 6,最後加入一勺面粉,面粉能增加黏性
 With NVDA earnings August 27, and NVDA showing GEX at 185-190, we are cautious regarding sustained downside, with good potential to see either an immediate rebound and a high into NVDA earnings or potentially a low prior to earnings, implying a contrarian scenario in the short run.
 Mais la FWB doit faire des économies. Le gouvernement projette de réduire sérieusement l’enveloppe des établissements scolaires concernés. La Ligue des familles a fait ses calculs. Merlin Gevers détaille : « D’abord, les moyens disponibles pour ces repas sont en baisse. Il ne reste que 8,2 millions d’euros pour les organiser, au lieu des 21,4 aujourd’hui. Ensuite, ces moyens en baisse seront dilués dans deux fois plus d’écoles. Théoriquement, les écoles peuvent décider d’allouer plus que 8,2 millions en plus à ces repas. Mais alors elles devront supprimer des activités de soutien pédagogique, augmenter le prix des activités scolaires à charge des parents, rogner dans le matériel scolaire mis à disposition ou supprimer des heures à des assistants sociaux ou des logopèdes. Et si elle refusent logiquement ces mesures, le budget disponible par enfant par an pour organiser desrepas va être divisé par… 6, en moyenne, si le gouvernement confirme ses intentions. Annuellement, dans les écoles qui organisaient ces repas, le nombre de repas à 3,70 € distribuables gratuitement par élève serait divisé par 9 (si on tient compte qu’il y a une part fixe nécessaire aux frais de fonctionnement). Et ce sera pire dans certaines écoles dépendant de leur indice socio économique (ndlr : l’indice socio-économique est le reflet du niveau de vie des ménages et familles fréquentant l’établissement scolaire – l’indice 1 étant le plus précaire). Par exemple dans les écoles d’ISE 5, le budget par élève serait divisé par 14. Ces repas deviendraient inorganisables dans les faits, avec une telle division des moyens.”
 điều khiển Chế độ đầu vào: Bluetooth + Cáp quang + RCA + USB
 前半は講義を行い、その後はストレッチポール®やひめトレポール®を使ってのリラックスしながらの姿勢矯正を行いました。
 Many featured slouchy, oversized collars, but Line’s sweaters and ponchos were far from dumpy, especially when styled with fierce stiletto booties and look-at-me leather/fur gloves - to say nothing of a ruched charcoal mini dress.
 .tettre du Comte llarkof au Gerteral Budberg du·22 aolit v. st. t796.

* * *

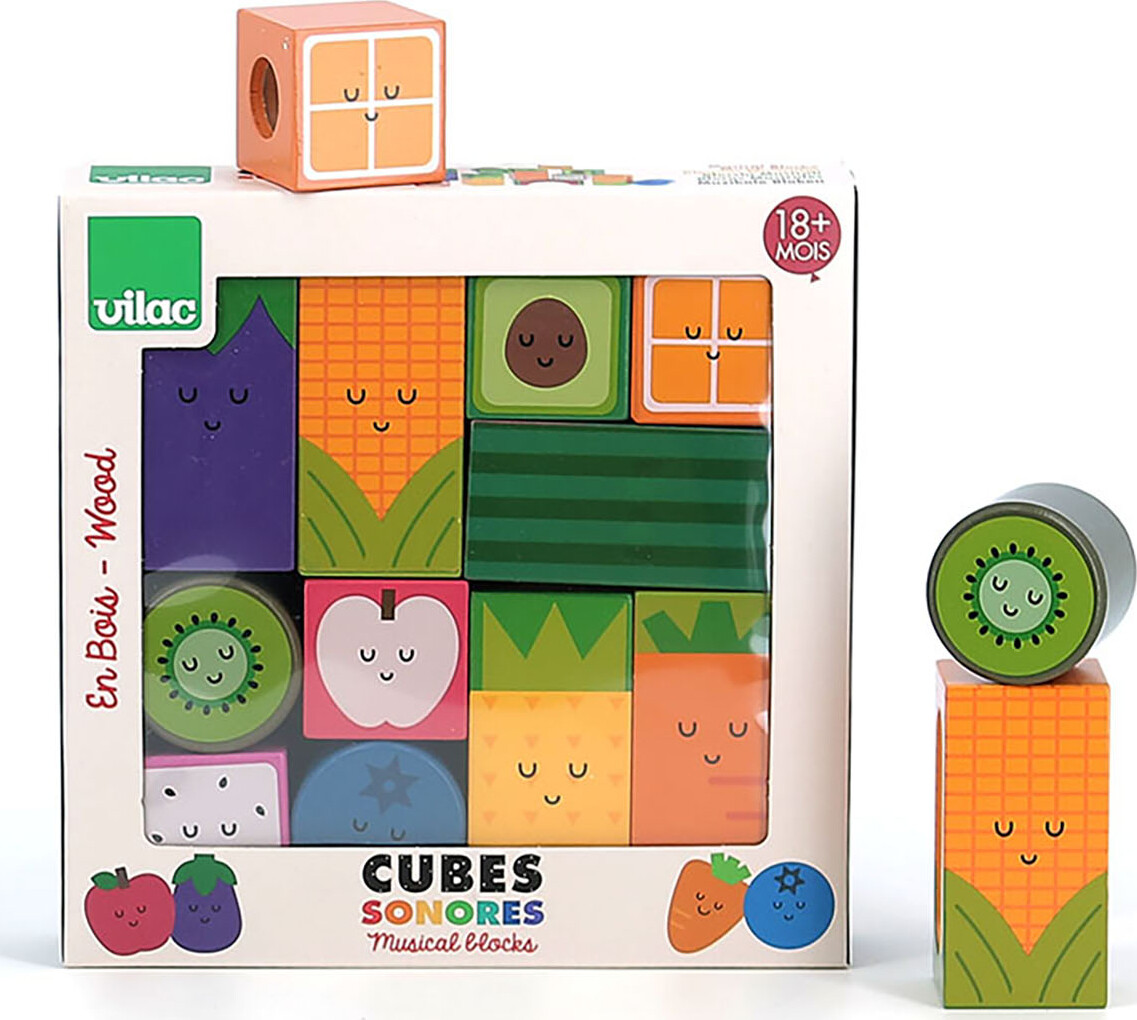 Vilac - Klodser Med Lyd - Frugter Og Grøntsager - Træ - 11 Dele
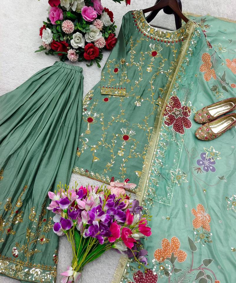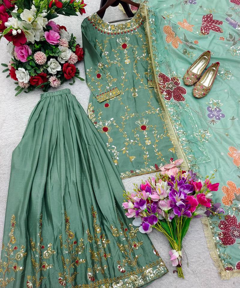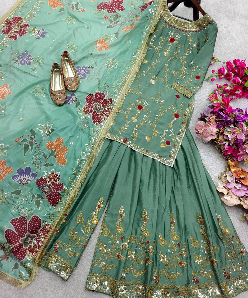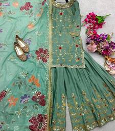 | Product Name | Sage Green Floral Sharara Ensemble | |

# Exercise requirements
Search the entries above for the string "with". Copy each line in which it appears.

# Solution
 With NVDA earnings August 27, and NVDA showing GEX at 185-190, we are cautious regarding sustained downside, with good potential to see either an immediate rebound and a high into NVDA earnings or potentially a low prior to earnings, implying a contrarian scenario in the short run.
 Many featured slouchy, oversized collars, but Line’s sweaters and ponchos were far from dumpy, especially when styled with fierce stiletto booties and look-at-me leather/fur gloves - to say nothing of a ruched charcoal mini dress.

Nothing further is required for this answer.